At the end of each business day, after the stock and bond markets have closed, the total value of the funds’ holdings (net of accrued administrative expenses) is divided by the total number of shares outstanding to determine the share price for that day.
Your earnings (that is, the increase or decrease in the value of a fund) in the TSP and other similar defined contributions plans (e.g., 401(k) plans) are not considered taxable income (but rather, tax deferred) under the Internal Revenue Code. Interest, dividends, capital gains, and/or tax deferred contributions are not taxed until you withdraw money from your plan. There is no need for you to report dividends and capital gains separately for your tax-deferred accounts.
BlackRock Institutional Trust Company, N.A, manages the index funds in which the F, C, S, and I Funds are invested, and credits interest and dividend income each business day. This income is then reflected in your TSP’s share prices.
The daily change in your TSP’s share prices reflects all investment income (interest on short-term investments, dividends, capital gains or losses, and securities lending income) net of TSP administrative expenses.
Your employee contributions, Agency/Service Automatic (1%) Contributions, and Agency/Service Matching Contributions, as well as loan payments and transfers from other eligible retirement plans, are all used to purchase shares in each TSP fund based on your contribution allocation.
For example, if your employee contribution each pay period is $100 and you have elected to invest in one TSP fund, $100 will be used to purchase shares in that fund. The calculation is done the same way if you’re eligible for Agency/Service Automatic (1%) Contributions and Agency/Service Matching Contributions.
The number of shares purchased by each contribution source is calculated by dividing the contribution ($100 in the above example) by the applicable share price. The number of shares purchased is then rounded to four decimal places.
When you borrow or withdraw from your TSP account, the shares are sold from your account at the applicable share price. The number of shares sold is calculated by dividing the amount required from each fund/source combination by the share price for that fund. The result is rounded to four decimal places.
On some days, the percentage change in the I Fund share price that we report can be significantly different from the percentage change reported for the MSCI EAFE (Europe, Australasia, Far East) Index, which the I Fund tracks. These differences usually occur when our investment manager finds it necessary to reprice its EAFE Equity Index Fund, in which we invest, to reflect changes that happen after international markets close.
This adjustment process, known as “fair valuation” or “fair value pricing”, occurs when there are U.S. market or currency movements between the time international markets close and 4:00 p.m., eastern time, when the EAFE Equity Index Fund share prices are determined. International markets around the world close in different time zones.
For example, the Far East markets close at 3:00 a.m., Eastern time.

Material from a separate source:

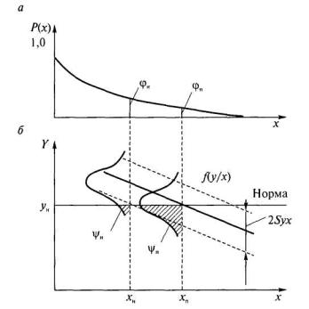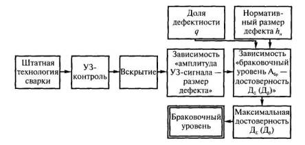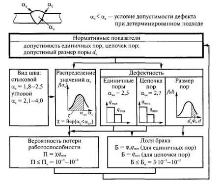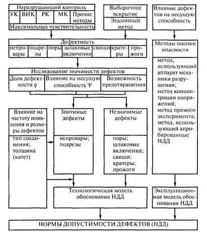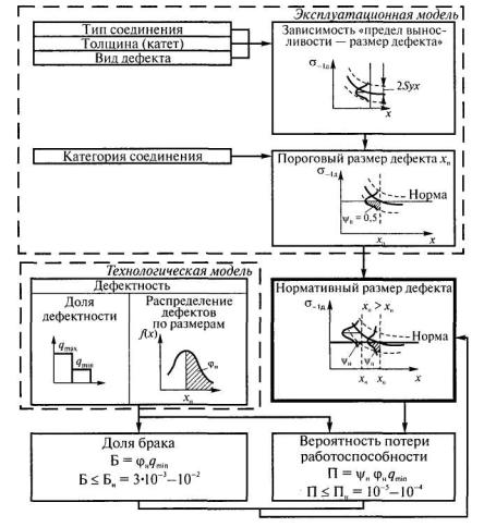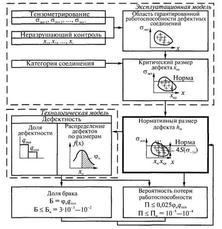 Рис 3.4. Вероятностные модели определения нормативного хн и порогового хп размеров дефекта: а - вероятность появления дефектов; б - регрессия влияния дефектов на прочность Y соединения Влияние дефектов размером X на прочность Y выражается регрессией Y=f(X), а также условным распределением f(у/x). Пересечение линии регрессии и нормативного уровня прочности сварного соединения ун соответствует так называемому пороговому размеру хп дефекта. Для Х = хп вероятность влияния дефекта на прочность ψп = 0,5. Для оценки норм допустимости дефектов рекомендуется использовать понятия их запаса по размеру ηх и по вероятности ηвер ηх = хп/ хн; ηвер = φп ψп/φн ψн = 0,5 φп/φн ψн. В случае, когда ηх > 5 - 10 и ηвер > 10 - 50, нормы условно считают технологическими, в противном случае нормы эксплуатационные. Однако предложенная оценка норм только характеризует опасность влияния дефектов нормативных размеров относительно пороговых. Предлагается при разработке норм допустимости дефектов в сварных соединениях на основе вероятностных моделей оценивать показатели, которые напрямую связаны с интересами потребителя (вероятность потери работоспособности) и производителя (доля брака) [27, 52]. Вероятность потери работоспособности из-за наличия дефектов определяется по формуле П = φн ψнq. В соответствии с требованиями, предъявляемыми к деталям (элементам конструкций) автомобильного, железнодорожного и морского транспорта, сельскохозяйственных, горных, дорожностроительных и подъемно-транспортных машин, величина П не должна быть более 10-5 - 10-4 [53, 54]. Ожидаемая доля брака Б может быть рассчитана по формуле Б = φнq.Исследования, проведенные в МГТУ им. Н.Э. Баумана, показали, что оптимальные доли брака при изготовлении сварных конструкций (при отсутствии причин, вызывающих повышенный уровень дефектности) составляют (2-7)·10-2 [1]. Эти данные получены при контроле сварных элементов длиной 300 мм. Учитывая, что в условиях стабильного производства преобладают единичные дефекты и вероятность забраковки элемента из-за наличия двух и более дефектов, как показали исследования, не превышает 10-5, можно предположить, что при длине элементов 40 мм доля брака уменьшается в 7,5 раза (ΔL300/ΔL40 = 300/40 = 7,5). Следовательно, при использовании единичных участков протяженностью 40 мм приемлемый уровень брака, который может быть взят за нормативное значение доли брака Б, составляет 3·10-3 - 10-2. 3.7. МЕТОДЫ ОБОСНОВАНИЯ НОРМ ДОПУСТИМОСТИ ДЕФЕКТОВОбобщенная схема обоснования норм допустимости дефектов представлена на рис. 3.5. Для формирования технологических требований к нормам допустимости дефектов по результатам неразрушающего контроля и выборочного вскрытия как эталонного метода определяется «картина качества», которая отражает достигнутый уровень качества сварных конструкций (или уровня, который может быть достигнут). «Картина качества» представляется в виде диаграмм (или таблиц) распределения дефектов по видам и законов (гистограмм) их распределения по размерам. При этом на частоту появления и размеры непроваров в стыковых соединениях и подрезов как значительных дефектов (часто встречаются, оказывают существенное влияние на несущую способность соединений, и их появление трудно предотвратить) необходимо оценить влияние таких факторов, как тип сварного соединения и толщина свариваемых элементов.

If there is a major event afterwards—whether a natural disaster or even a major U.S. market swing that affects the pricing of the stocks in the EAFE Equity Index Fund—without fair value pricing, that event’s impact on share pricing would be ignored. That is, the price information from the international markets can become “stale”, or out of date, by the close of the U.S. markets at 4:00 p.m., Eastern time—a full 13 hours later. Without fair value pricing, market timers could buy the I Fund and sell their holdings on the following day in order to benefit from the “stale” pricing. They would accomplish this transaction at the expense of other investors in the fund.
Fair value pricing ensures that traders do not benefit from trading on stale prices. It prevents traders from using events that may have occurred between the close of international markets and the close of the U.S. market, which may have affected EAFE Index Fund prices, to achieve an unfair trading and profit advantage at the expense of long-term shareholders.